David Howells wrote:
> Nick Piggin <nickpiggin@yahoo.com.au> wrote:
> 
> 
>>In general (modulo bugs and crazy filesystems), you're not allowed to have
>>!uptodate pages mapped into user addresses because that implies the user
>>would be allowed to see garbage.
> 
> 
> Ths situation I have to deal with is a tricky one.  Consider:
> 
>  (1) User A modifies a page with his key.  This change gets made in the
>      pagecache, but is not written back immediately.
> 
>  (2) User B then wants to modify the same page, but with a different key.
>      This means that afs_prepare_write() has to flush A's writes back to the
>      server before B is permitted to write.
> 
>  (3) The flush fails because A is no longer permitted to write to that file.
>      This means that the change in the page cache is now stale.  We can't just
>      write it back as B because B didn't make the change.
> 
> What I've made afs_prepare_write() do in this situation is to nuke A's entire
> write.  We can't write any of it back.  I can't call invalidate_inode_pages()
> or similar because that might incorrectly kill one of B's writes (or someone
> else's writes); besides, the on-server file hasn't changed.

Why would that kill anyone's writes?


> To nuke A's write, each page that makes up that write is marked non-uptodate
> and then reloaded.  Whilst I might wish to call invalidate_inode_pages_range(),
> I can't as it can/would deadlock if called from prepare_write() in two
> different ways.

Which ways? Are you talking about prepare_write being called from page_mkwrite,
or anywhere?

More generally it sounds like a nasty thing to have a writeback cache if it can
become incoherent (due to dirty pages that subsequently cannot be written
back) without notification. Have you tried doing a write-through one?

You may be clearing PG_uptodate, but isn't there still an underlying problem
that you can have mappings to the page at that point? If that isn't a problem
for you, then I don't know why you would have to clear PG_uptodate at all.


>>>>Minor issue: you can just check for `if (!page->mapping)` for truncation,
>>>>which is the usual signal to tell the reader you're checking for truncate.
>>>
>>>
>>>That's inconsistent with other core code, truncate_complete_page() for
>>>example.
>>
>>Your filesystem internally moves pages between mappings like tmpfs?
> 
> 
> You misunderstand me.  truncate_complete_page() uses this:
> 
> 	if (page->mapping != mapping)
> 
> not this:
> 
> 	if (!page->mapping)
> 
> I think that both cases should work in page_mkwrite().  But !page->mapping does
> not appear to be the "usual signal" from what I've seen.

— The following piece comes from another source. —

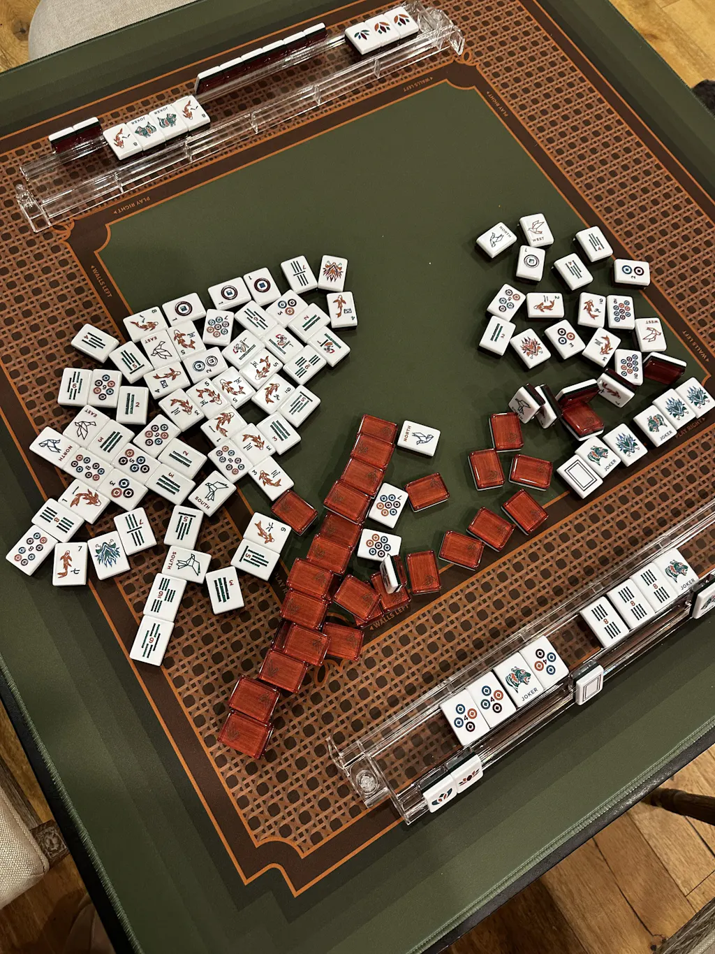 - 160 tiles (36 bams, 36 craks, 36 dots, 8 flowers, 16 winds, 12 dragons, 10 jokers, 6 blanks). Remove 2 jokers and 6 blanks for National Mah Jongg League play.
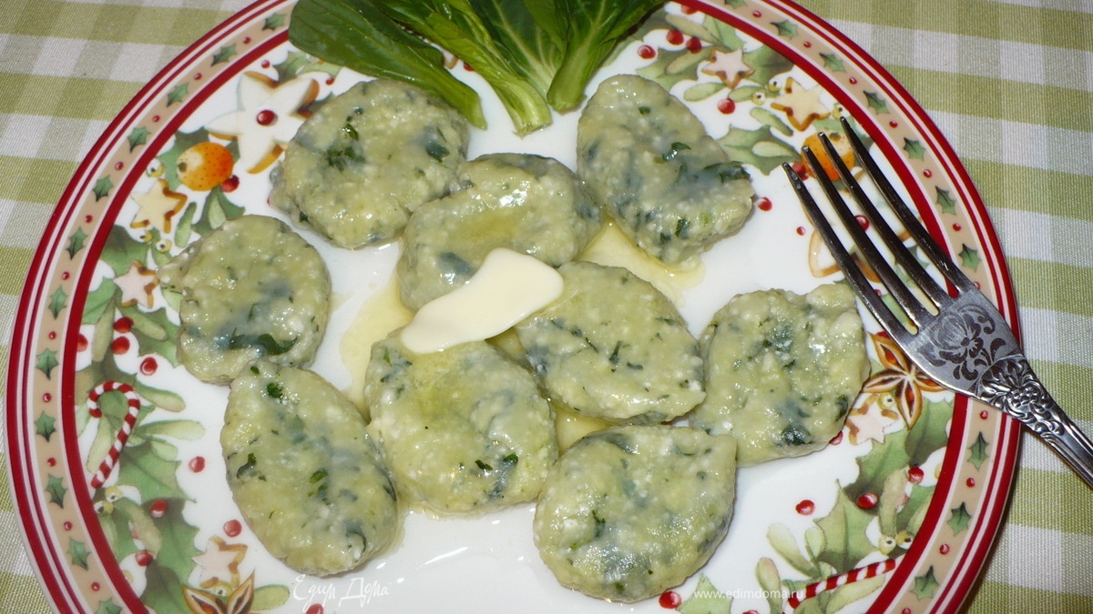 Вкусно с топленым маслом и (или) сметаной. Вообще вкус интересный, даже мужу понравилось (хотя он такое не ест). Советую смело! - Шаг 4Второй вариант (для взрослых). Это положить отварные вареники на на противень (на пергамент бумагу еще лучше). Посыпать сыром и запечь минут 5. Посыпать кедровыми орешками и подавать.

truncate_complete_page does that because it has to handle the case where
the mapping changes from one thing to something else that is non-NULL,
which tmpfs does.

This is not the case for most code in fs.

-- 
SUSE Labs, Novell Inc.

^ permalink raw reply	[flat|nested] 15+ messages in thread

* Re: [PATCH] AFS: Implement shared-writable mmap [try #2]
  2007-05-16 16:32         ` Nick Piggin
@ 2007-05-16 16:56           ` David Howells
  2007-05-16 17:28             ` Nick Piggin
  0 siblings, 1 reply; 15+ messages in thread
From: David Howells @ 2007-05-16 16:56 UTC (permalink / raw)
  To: Nick Piggin; +Cc: akpm, linux-kernel, linux-fsdevel

Nick Piggin <nickpiggin@yahoo.com.au> wrote:

> > I can't call invalidate_inode_pages() or similar because that might
> > incorrectly kill one of B's writes (or someone else's writes); besides,
> > the on-server file hasn't changed.
> 
> Why would that kill anyone's writes?

Because invalidate_inode_pages() forcibly removes the dirty flag from each page
in the inode and then calls invalidatepage() - and thus they don't get written
back, but some of those pages may contain writes from other processes.  The
whole inode isn't owned by one user at a time.

I hadn't considered invalidate_inode_pages_range(), but that suffers from the
deadlock problem.

> > I can't as it can/would deadlock if called from prepare_write() in two
> > different ways.
> 
> Which ways? Are you talking about prepare_write being called from
> page_mkwrite, or anywhere?

 (1) prepare_write() is called with the target page locked and does not release
     the lock.  The truncation routines lock the page prior to invalidating it.
     Any truncation routine that skips locked pages is of no use.

 (2) Consider a run of pages that make up a single write by one user.  Two
     other writes from other users may be attempting to overwrite that run at
     the same time.  Each of them would need to invalidate the other's locked
     page(s).

Furthermore, the caller of prepare_write() probably won't take kindly to the
page it's dealing with being evicted from the pagecache.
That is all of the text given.